● The task:
With pictures removed, output every record below exactly as written.

Stored data entries

○ ○ ○ ○ ○ ○ ○

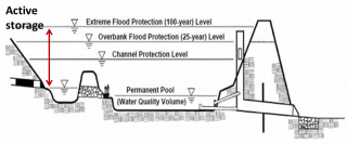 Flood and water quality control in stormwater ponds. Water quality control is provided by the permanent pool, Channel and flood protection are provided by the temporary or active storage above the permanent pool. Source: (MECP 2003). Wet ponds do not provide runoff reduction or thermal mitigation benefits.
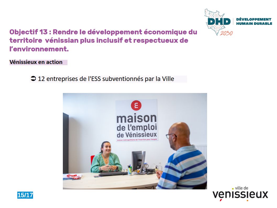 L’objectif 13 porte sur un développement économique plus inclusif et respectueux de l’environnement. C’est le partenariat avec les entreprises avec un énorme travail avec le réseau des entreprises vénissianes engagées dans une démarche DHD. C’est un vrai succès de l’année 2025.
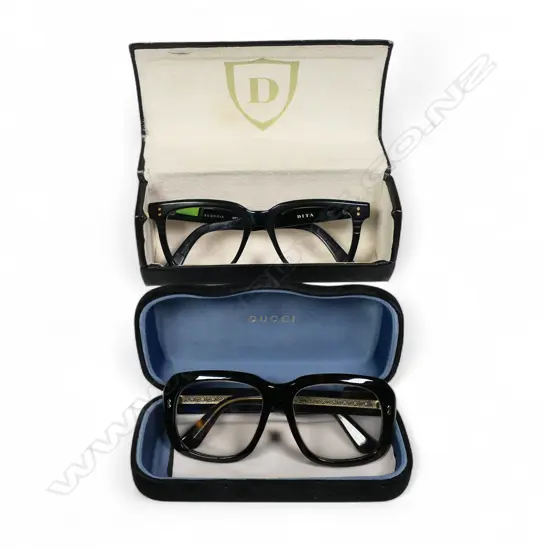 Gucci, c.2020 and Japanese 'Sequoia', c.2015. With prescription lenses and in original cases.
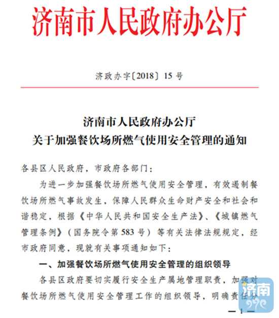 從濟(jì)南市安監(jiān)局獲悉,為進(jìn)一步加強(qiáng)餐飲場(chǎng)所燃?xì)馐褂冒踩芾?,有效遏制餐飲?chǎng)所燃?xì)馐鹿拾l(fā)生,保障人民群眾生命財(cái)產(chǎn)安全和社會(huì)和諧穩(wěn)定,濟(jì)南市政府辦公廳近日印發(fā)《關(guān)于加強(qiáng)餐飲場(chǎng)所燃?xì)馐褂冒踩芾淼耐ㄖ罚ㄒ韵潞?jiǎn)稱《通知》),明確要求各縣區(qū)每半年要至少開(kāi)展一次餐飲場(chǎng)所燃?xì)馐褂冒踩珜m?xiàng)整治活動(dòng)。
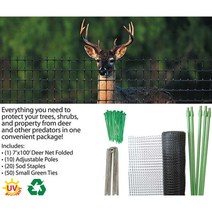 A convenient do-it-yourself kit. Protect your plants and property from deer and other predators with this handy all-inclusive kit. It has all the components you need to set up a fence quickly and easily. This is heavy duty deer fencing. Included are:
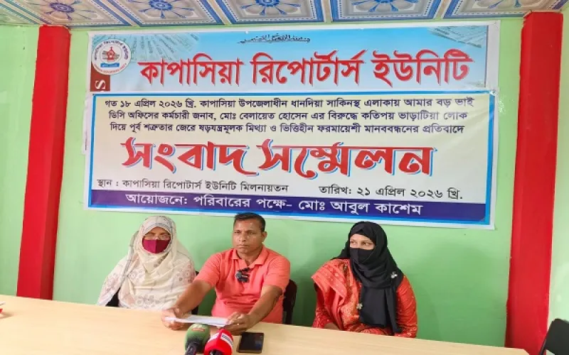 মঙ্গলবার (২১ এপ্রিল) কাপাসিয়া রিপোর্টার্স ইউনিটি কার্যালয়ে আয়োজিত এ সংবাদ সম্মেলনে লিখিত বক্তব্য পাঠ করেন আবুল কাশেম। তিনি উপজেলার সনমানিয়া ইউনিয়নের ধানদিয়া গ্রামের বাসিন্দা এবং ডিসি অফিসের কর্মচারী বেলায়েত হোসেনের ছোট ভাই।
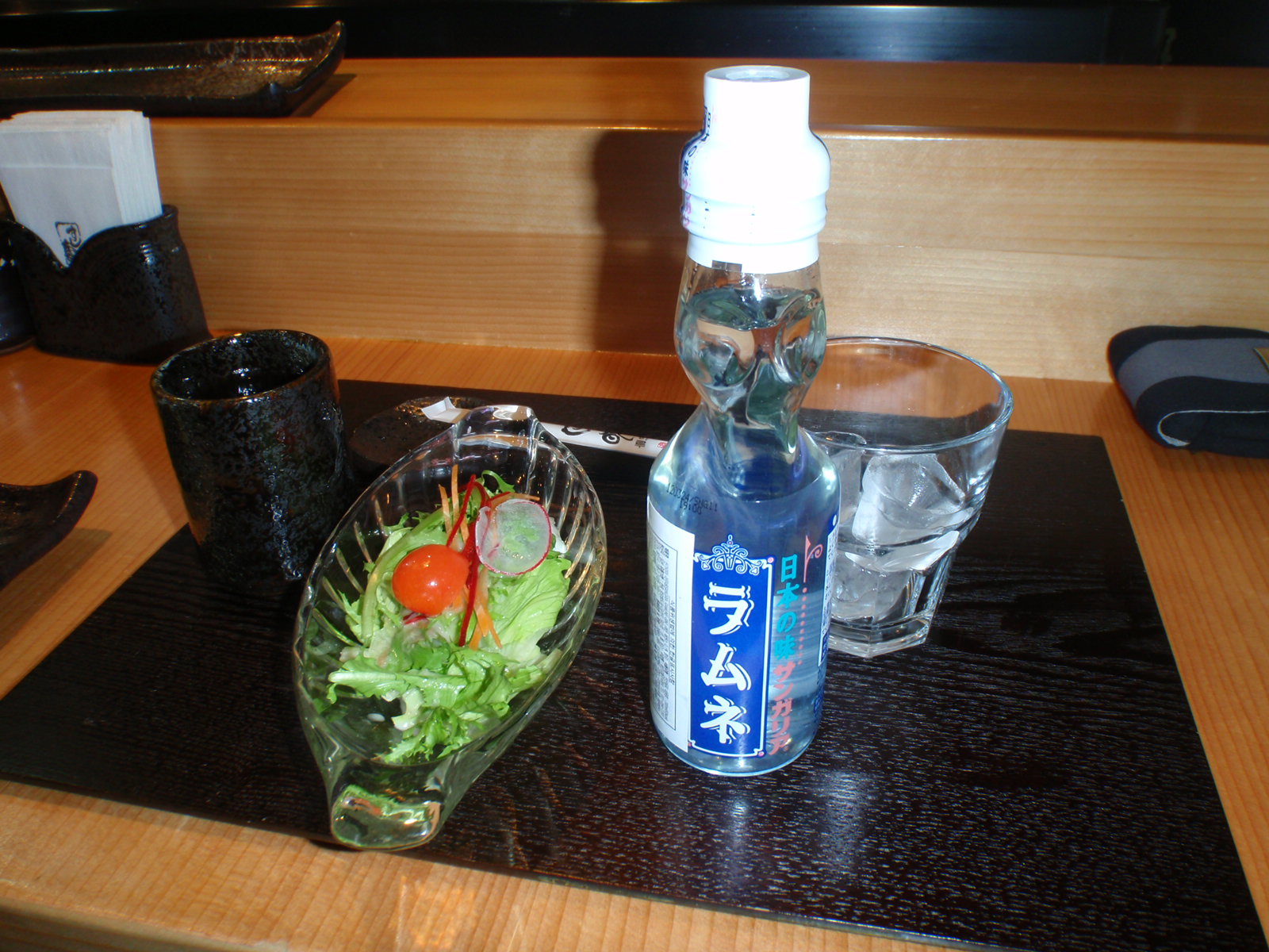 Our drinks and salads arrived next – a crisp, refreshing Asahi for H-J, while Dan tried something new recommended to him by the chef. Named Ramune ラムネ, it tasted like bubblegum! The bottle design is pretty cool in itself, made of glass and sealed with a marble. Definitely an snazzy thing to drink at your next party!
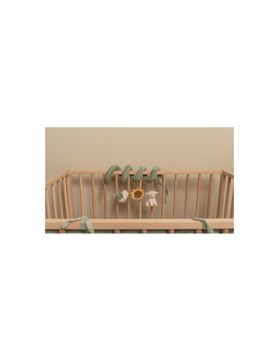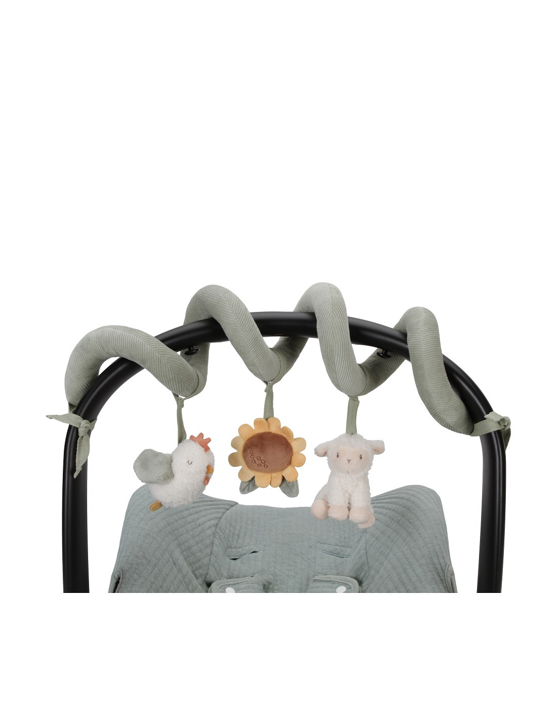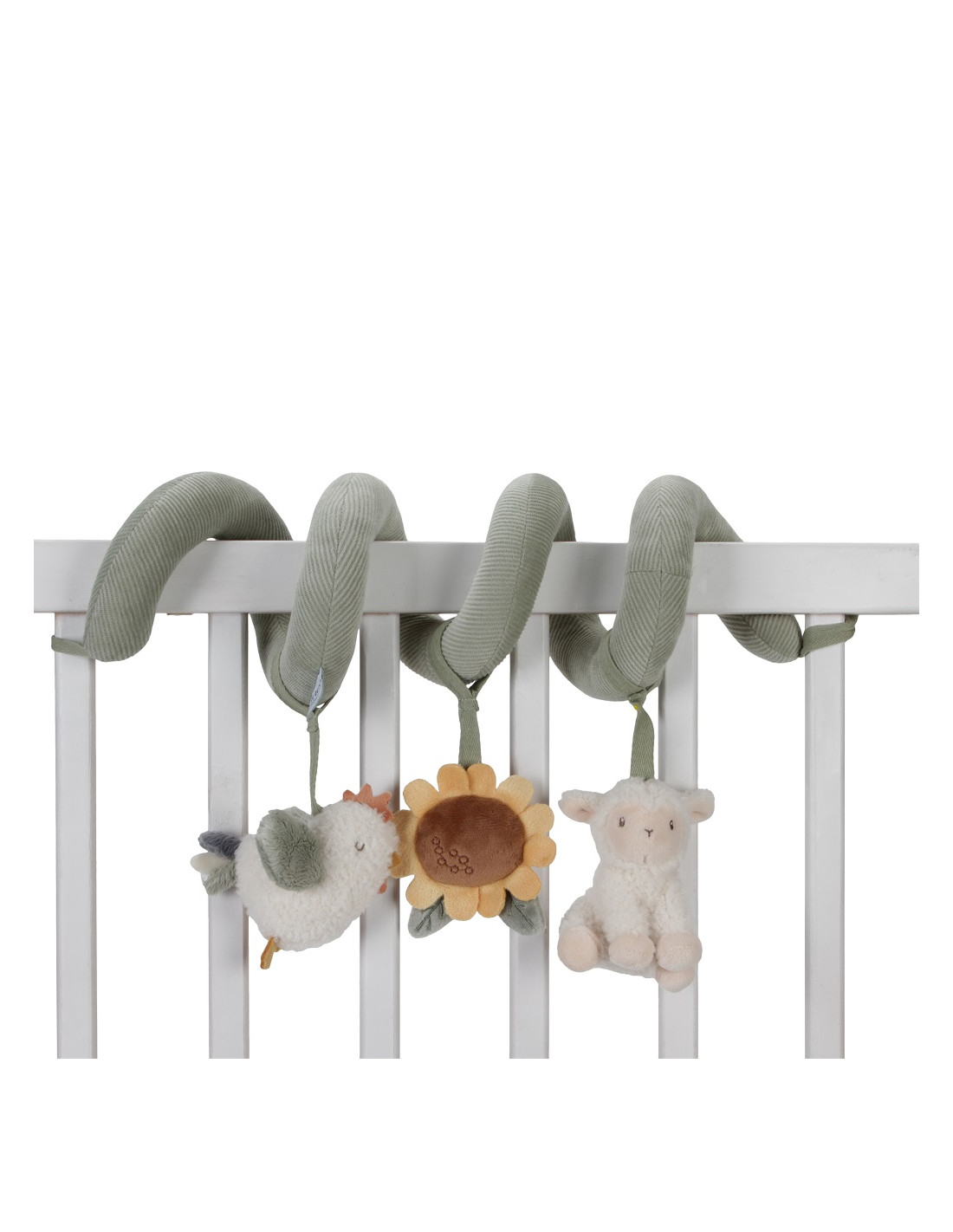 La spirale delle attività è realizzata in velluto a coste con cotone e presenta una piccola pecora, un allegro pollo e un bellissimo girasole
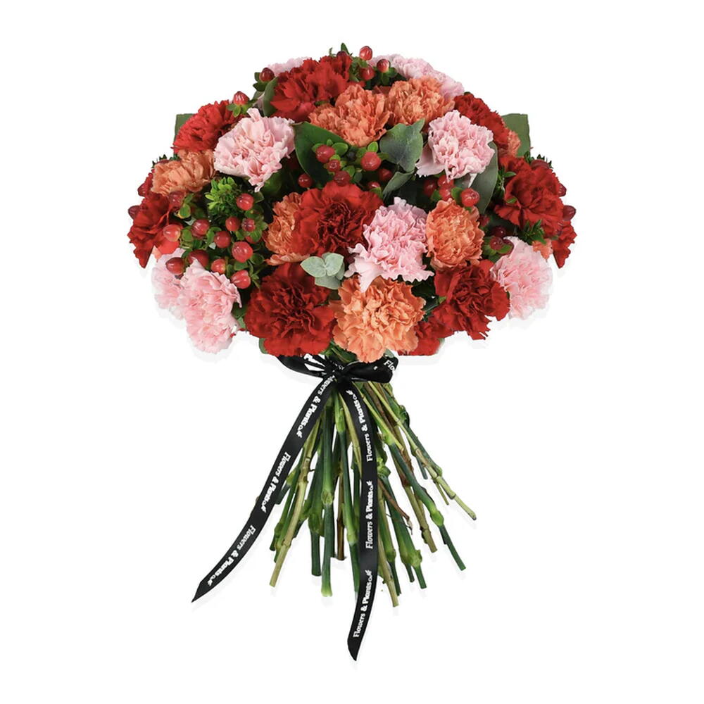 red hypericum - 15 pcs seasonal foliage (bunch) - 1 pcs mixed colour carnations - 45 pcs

○ ○ ○ ○ ○ ○ ○

● Answer to the exercise:
 Flood and water quality control in stormwater ponds. Water quality control is provided by the permanent pool, Channel and flood protection are provided by the temporary or active storage above the permanent pool. Source: (MECP 2003). Wet ponds do not provide runoff reduction or thermal mitigation benefits.
 L’objectif 13 porte sur un développement économique plus inclusif et respectueux de l’environnement. C’est le partenariat avec les entreprises avec un énorme travail avec le réseau des entreprises vénissianes engagées dans une démarche DHD. C’est un vrai succès de l’année 2025.
 Gucci, c.2020 and Japanese 'Sequoia', c.2015. With prescription lenses and in original cases.
 從濟(jì)南市安監(jiān)局獲悉,為進(jìn)一步加強(qiáng)餐飲場(chǎng)所燃?xì)馐褂冒踩芾?,有效遏制餐飲?chǎng)所燃?xì)馐鹿拾l(fā)生,保障人民群眾生命財(cái)產(chǎn)安全和社會(huì)和諧穩(wěn)定,濟(jì)南市政府辦公廳近日印發(fā)《關(guān)于加強(qiáng)餐飲場(chǎng)所燃?xì)馐褂冒踩芾淼耐ㄖ罚ㄒ韵潞?jiǎn)稱《通知》),明確要求各縣區(qū)每半年要至少開(kāi)展一次餐飲場(chǎng)所燃?xì)馐褂冒踩珜m?xiàng)整治活動(dòng)。
 A convenient do-it-yourself kit. Protect your plants and property from deer and other predators with this handy all-inclusive kit. It has all the components you need to set up a fence quickly and easily. This is heavy duty deer fencing. Included are:
 মঙ্গলবার (২১ এপ্রিল) কাপাসিয়া রিপোর্টার্স ইউনিটি কার্যালয়ে আয়োজিত এ সংবাদ সম্মেলনে লিখিত বক্তব্য পাঠ করেন আবুল কাশেম। তিনি উপজেলার সনমানিয়া ইউনিয়নের ধানদিয়া গ্রামের বাসিন্দা এবং ডিসি অফিসের কর্মচারী বেলায়েত হোসেনের ছোট ভাই।
 Our drinks and salads arrived next – a crisp, refreshing Asahi for H-J, while Dan tried something new recommended to him by the chef. Named Ramune ラムネ, it tasted like bubblegum! The bottle design is pretty cool in itself, made of glass and sealed with a marble. Definitely an snazzy thing to drink at your next party!
 La spirale delle attività è realizzata in velluto a coste con cotone e presenta una piccola pecora, un allegro pollo e un bellissimo girasole
 red hypericum - 15 pcs seasonal foliage (bunch) - 1 pcs mixed colour carnations - 45 pcs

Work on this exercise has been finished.